Dr. Wilmer J. Leon III

On this past Saturday, October 3, 2009 a 16 year old African American honor student, Derrion Albert was laid to rest in Chicago. This young man was beaten to death in the street while walking from school to the bus stop. Silvanus Shannon, 19, Eugene Riley, 18, Eric Carson, 16, and Eugene Bailey, 18, have all been charged with first-degree murder in Derrion’s death.

As I watched the video of this young man being beaten to death with a railroad tie I asked myself what could compel four young African American men to engage in such a wanton and willful murderous act? How could these young men have such disregard for another human being’s life that they would beat him to his death, in the street, in broad day light? What is the basis of their rage, their anger?

I then asked myself, where are their fathers? I made an assumption and came to the conclusion that their fathers must be absent, not active or engaged in their lives. This antisocial rage, this anger is probably in part a response to their being raised without the benefit of knowing the love of their fathers. If these young men were asked to explain what drove them to this act; they most likely would not be able to articulate a clear response. They probably do not know. If they do know, they would be too ashamed to say.

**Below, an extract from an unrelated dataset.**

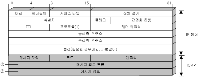 - 체크섬 - ICMP 메시지에 대해 체크섬을 계산하여 패킷의 오류를 검사

As a man who was blessed to be raised by two loving parents; I clearly understand the power of love. At the age of 50, I am still blessed to be able to talk with my almost 90 year old father every day (I lost my mother last March); hear his voice, seek his counsel; feel his love. As far as I have been able to come based upon knowing my father’s love, I can’t begin to imagine how dysfunctional I would be without it.